- Leader: Carlo Ottavio Cornaggia Medici
- Founded: 1923; 102 years ago
- Ideology: Clerical fascism

= National Union (Italy, 1923) =

Italian Catholic political party

National Union (Italian: Unione Nazionale) was a pro-fascist Italian Catholic political party during the 1920s, the first of several "Clerico-Fascist" political organizations established within the decade. The party was established with the permission of Pope Pius XI, dealing the final blow to the anti-fascist Catholic Italian People's Party.

The National Union's membership primarily came from aristocratic and pro-monarchist Catholics in Turin, Milan, and Naples, along with members of the Black Nobility.
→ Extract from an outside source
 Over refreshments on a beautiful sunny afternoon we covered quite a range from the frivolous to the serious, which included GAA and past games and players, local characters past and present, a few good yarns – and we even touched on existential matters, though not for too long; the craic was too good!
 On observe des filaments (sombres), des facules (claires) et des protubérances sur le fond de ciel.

These groups represented over half of the signatories of the party's April 1923 manifesto. Pollard describes the National Union as "essentially an aristocratic clique". Its manifesto credited fascism with the goal of establishing "a lasting social Christian and Italian order".
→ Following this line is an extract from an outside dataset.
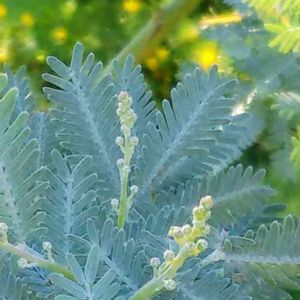 今日のお花 銀葉アカシア💛 2年前にお友達に頂いたものがしっかり大地に根を張りました まだ蕾は固いけどたくさん咲いてくれそうです(*´꒳`*)

According to the pro-Fascist Il Momento of Turin, the party was notorious for its "hostility towards the works and towards trade union organizations".

The National Union, and the similar Centro Nazionale, supported the Fascist list in the March 1929 elections, only to virtually disappear from the political map after the conclusion of the Lateran treaties. The Centro Nazionale dissolved in the summer of 1930, leaving the National Union as the sole remaining "Clerico-Fascist" political party.